Having never read one of Stefvater's books, I was pleasantly surprised with how great this was. I was hooked in by the characters and the capaill uisce. Told in alternating voices between Puck and Sean, you get insight into what motivates both characters to participate in a potentially deadly race. The way this story is written you really feel like you can take a boat to Thisby and watch these gory races; this is magic realism at its best. Another high point for me is the friendship between Sean and Puck. It is clear that there is a mutual love interest brewing but it has its foundation in a strong friendship.  Don’t be fooled by the cover, this book is accessible to both guys and girls.

 --Shani 

 

For those of you who grew up reading the Theodosia or Nathaniel Fludd Series, it's no surprise that Robin LaFevers can write an amazing story. But say, by some mistake, you didn't read Theodosia. (Go ahead and do so now, we'll wait.) Then this debut YOUNG ADULT novel from Robin's gonna blow your mind.

You know, scratch that. Even if you DID grow up read Theodosia and Nathaniel Fludd, your mind's STILL gonna be blown. Why? Because Grave Mercy (book one of the His Fair Assassin trilogy) has all the crossbow weilding, dagger throwing, political skulduggery and murderous nuns (that's right, you heard me) you can handle. Fans of Kristin Cashore (Graceling, Fire), rejoice-- Grave Mercy is just the book to tide you over until Bitterblue comes out in May! 

Set in medieval Brittany, Grave Mercy features Ismae, a girl who escapes a brutal arranged marriage by joining a convent of assassins. And while tough female leads who kill dudes are a dime a dozen these days in YA (not that we're complaining-- bring on all the tough chicks!)Ismae sets herself apart with likeable vulnerability and fondness toward other characters. Her sense of empathy is not dulled by the fact that she has been thrust into an impossible situation, which serves as a brilliant counterpoint to the amount of killing she does.

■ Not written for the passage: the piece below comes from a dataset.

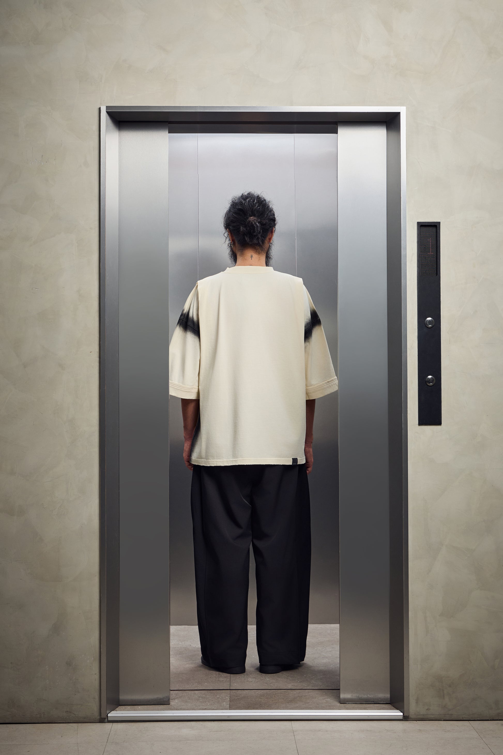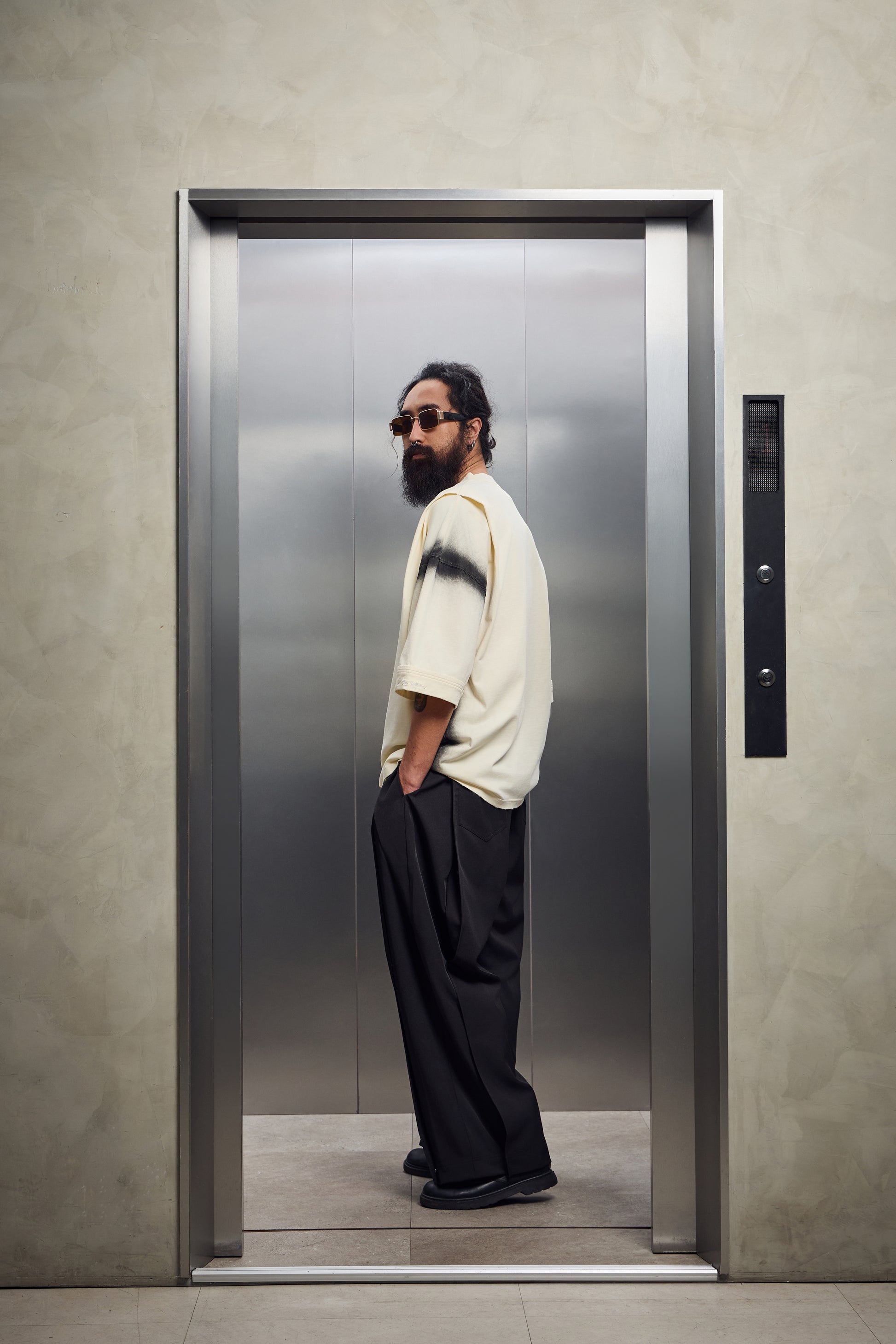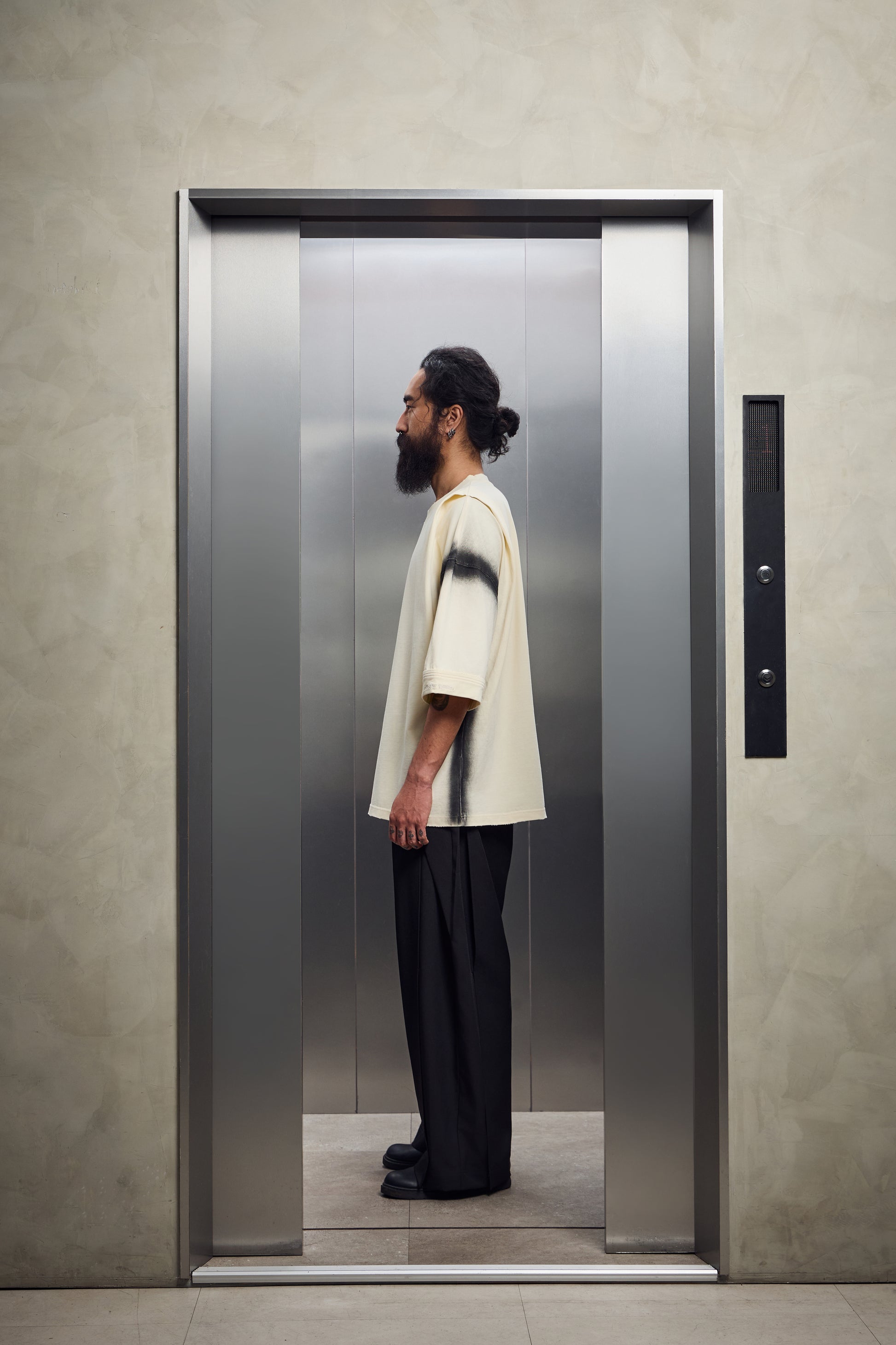 打摺肩線與仿舊噴漆感,營造電梯間上班族的微叛逆態度。
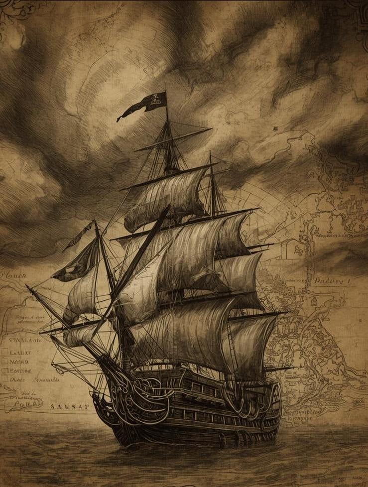 Majestatyczny żaglowiec sunący po otwartym morzu, osadzony na tle antycznej mapy, oddaje ducha podróży, wolności i odwagi.

So if you feel like reading something that's so fun it'll kill you (literally) pick up Grave Mercy. You're welcome.

 

Local author and upcoming NYMBC guest Nina LaCour's newest (and aptly titled) The Disenchantments is cool. The characters are cool, the settings are cool, the subject matter is cool. Even the VW bus is cool, in a retro, we-don't-have-any-of-our-own-money-so-we-borrowed-this-bad*ss-old car kinda way. I almost peed myself from the coolness lent to the story by a graffiti artist the protagonist befriends. 

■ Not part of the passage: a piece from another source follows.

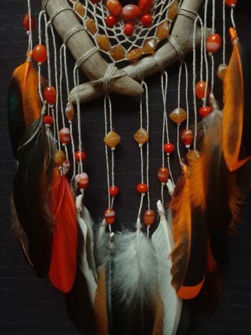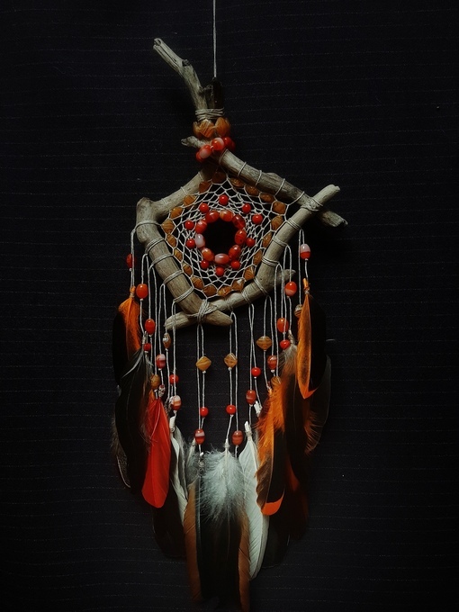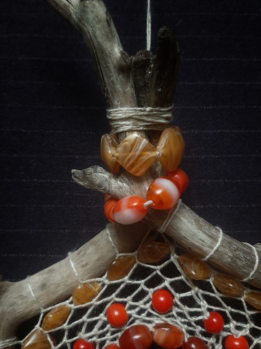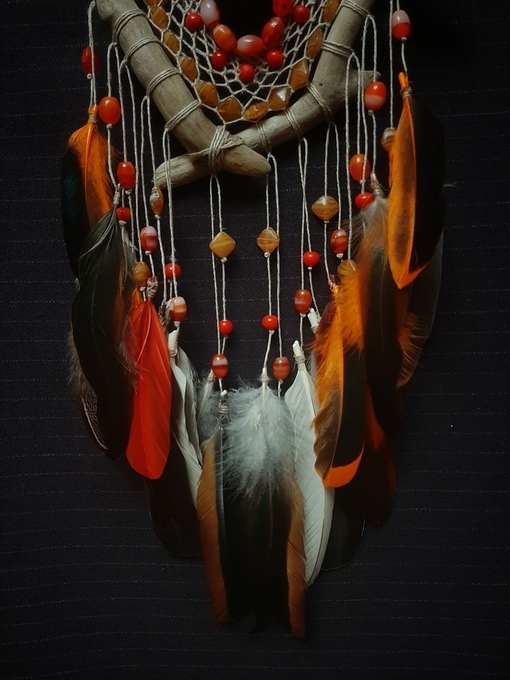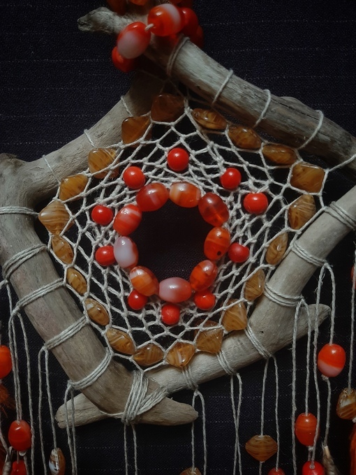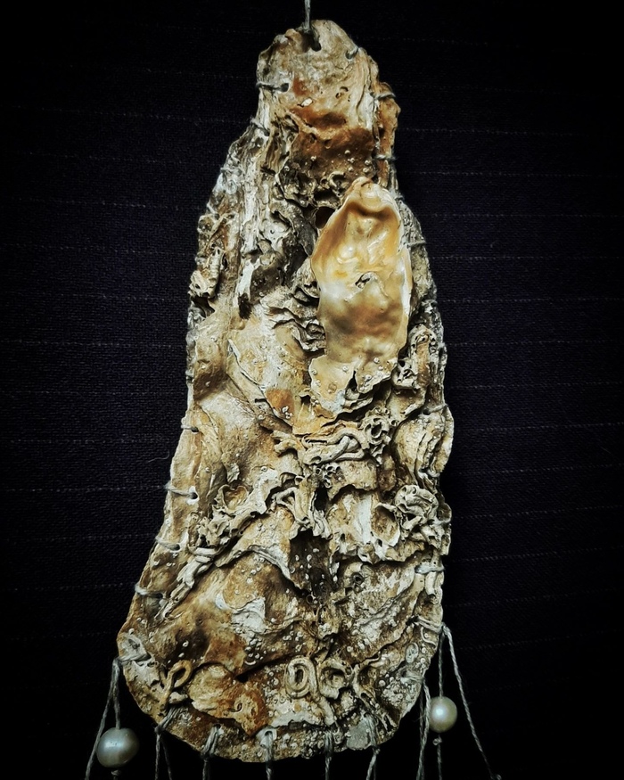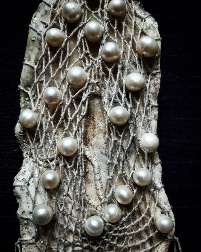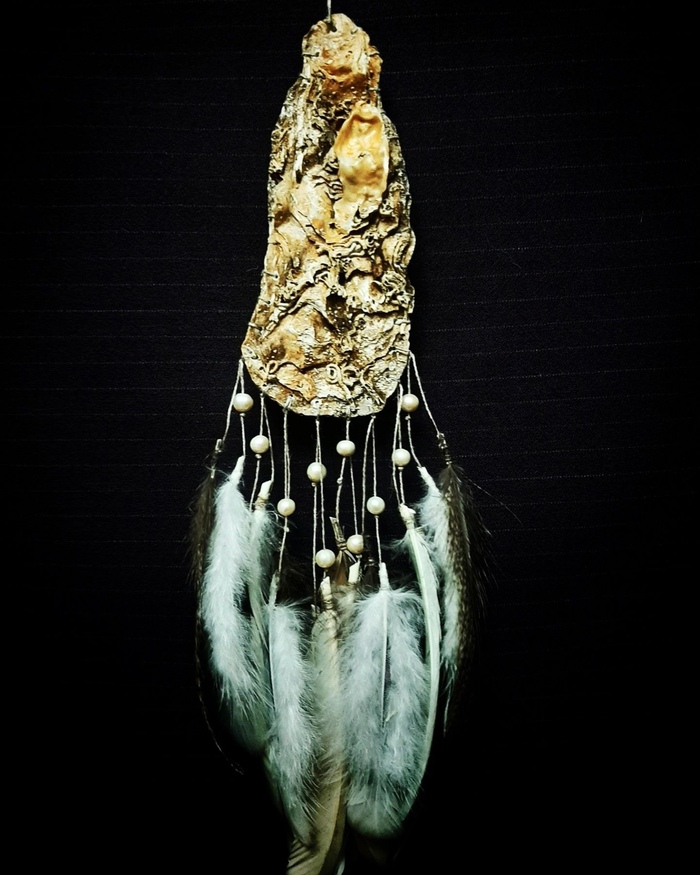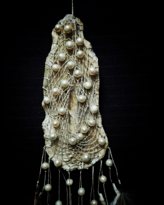 Материалы: основа из ракушки, нитки из льна, бусины из жемчуга, натуральные перья.

But I don't just love this book because it's cool. Or because it's about a bunch of kids from San Francisco. Nor do I love it because it takes place along that long drive from San Francisco to Oregon (with a brief foray into Washington), which is a drive I've taken at least 5 times now. I don't just love it because the writing is crisp, and lovely, and simple and evocative. But those are all parts of it.

I love it because it perfectly emulates the sensation of being done with high school, and realizing that, oh sh*t, this is when real life is supposed to start. And it illuminates this feeling perfectly, honestly, with touches of humor and with elegant prose. I haven't read a book this evocative of a particular moment in my own life since I read Lucy, by Jamaica Kincaid (which, if you haven't read, then you should, as it perfectly embodies what it feels like to be in your early twenties, a little pissed and a lot realizing that first person perspective is inherantly a little lonely.) 

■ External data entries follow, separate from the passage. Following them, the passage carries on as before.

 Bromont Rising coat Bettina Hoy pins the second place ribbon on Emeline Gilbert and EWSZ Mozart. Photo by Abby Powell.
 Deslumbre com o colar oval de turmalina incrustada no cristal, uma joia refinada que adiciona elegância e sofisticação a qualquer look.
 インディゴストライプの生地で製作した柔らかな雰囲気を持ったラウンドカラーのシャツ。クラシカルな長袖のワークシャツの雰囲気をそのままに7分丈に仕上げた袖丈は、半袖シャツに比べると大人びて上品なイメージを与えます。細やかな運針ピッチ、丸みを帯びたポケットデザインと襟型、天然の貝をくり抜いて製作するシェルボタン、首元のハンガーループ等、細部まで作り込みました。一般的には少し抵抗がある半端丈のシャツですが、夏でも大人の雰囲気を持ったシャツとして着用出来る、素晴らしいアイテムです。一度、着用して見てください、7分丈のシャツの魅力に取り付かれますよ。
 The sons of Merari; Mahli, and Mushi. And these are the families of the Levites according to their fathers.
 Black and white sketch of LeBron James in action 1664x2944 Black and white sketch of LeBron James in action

(By the way, if you're wondering about all the * in the swear words, I know, it's lame. But this also isn't my personal website, so professionalism, yo, it is a must.)

(Also, if you're annoyed about all the parenthetical asides, sorry. There's no excuse for that.)

Nina relies on no stereotypes, no tropes and no shortcuts in this coming of age story. She creates real, honest, pissed, confused, hopeful, loving teenagers. So if you know any of those, or are (were) one yourself, then pick up The Disenchantments. It's just for you.